Stamattina 120 “invasori digitali”, armati di smartphone, tablet, fotocamere e videocamere hanno documentato tutti i momenti dell’evento utilizzando gli hashtag #invasionidigitali e #yellowinvasion, quest’ultimo in omaggio al colore ufficiale del Museo: il giallo, appunto.
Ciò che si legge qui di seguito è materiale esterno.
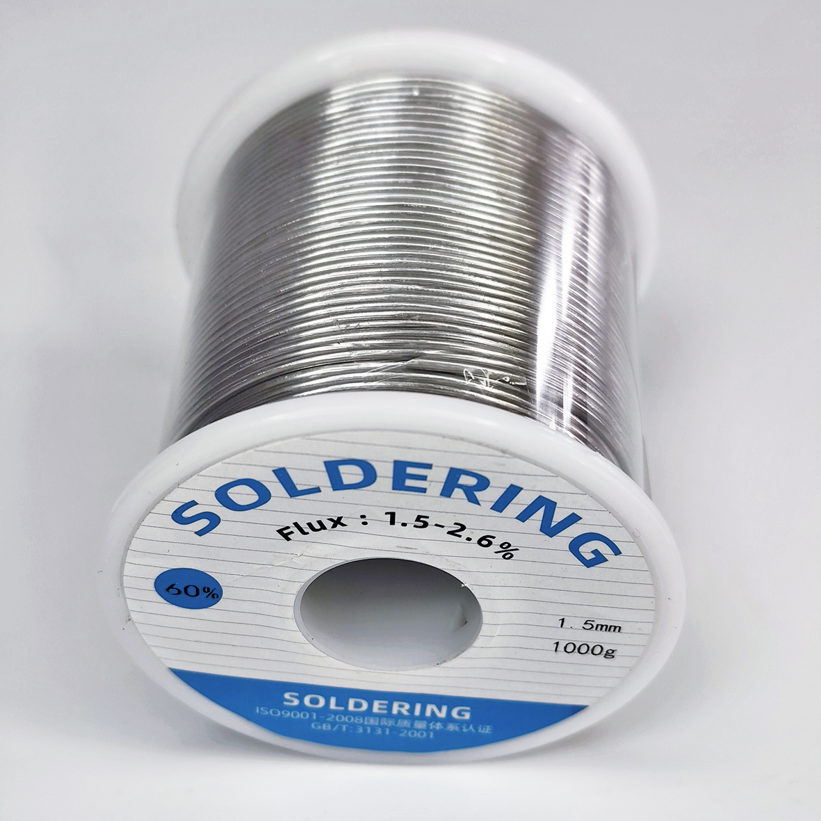 Припой Kewei Sn60Pb40 (ПОС-60 олов'яно-свинцевий) з флюсом діам. 1.5мм 1000гр. Призначений для паяння радіоелектронних компонентів на монтажні плати, спаювання між собою проводів та інших подібних операцій.

Post su Facebook, foto su Instagram e tantissimi tweet per condividere una nuova modalità di fruizione dei beni culturali che si sta diffondendo a macchia di leopardo in tutta Italia e a cui il museo d’arte contemporanea MADRE di Napoli ha aderito con forte convinzione. “Questa iniziativa nata dal basso ci ricorda che il museo è pubblico e appartiene a tutta la comunità” ha detto il direttore Andrea Viliani accogliendo gli “invasori” e facendo loro da guida.
Tra loro Fabrizio Todisco, trentenne salernitano, che lo scorso anno ha ideato le “invasioni digitali” e Fabrizio Barbato, napoletano, 31 anni che ha organizzato la “yellow invasion” al museo MADRE. “Il 50 percento dei musei italiani non ha un sito web e sconta un ritardo tecnologico enorme, mentre dai social network proviene una sempre maggiore domanda di cultura, ecco perché ho pensato a questa nuova modalità di fruizione che coniuga la visita fisica alle mostre e agli allestimenti con l’interazione sui social” spiega Todisco. “La Campania – aggiunge – Barbato – anche quest’anno si conferma la prima regione d’Italia per “siti culturali invasi”, a conferma del suo enorme patrimonio artistico e della forte domanda di beni culturali”. E’ possibile rivivere l’invasione digitale al MADRE su Twitter (@Museo_MADRE) e su Facebook (Museo-MADRE).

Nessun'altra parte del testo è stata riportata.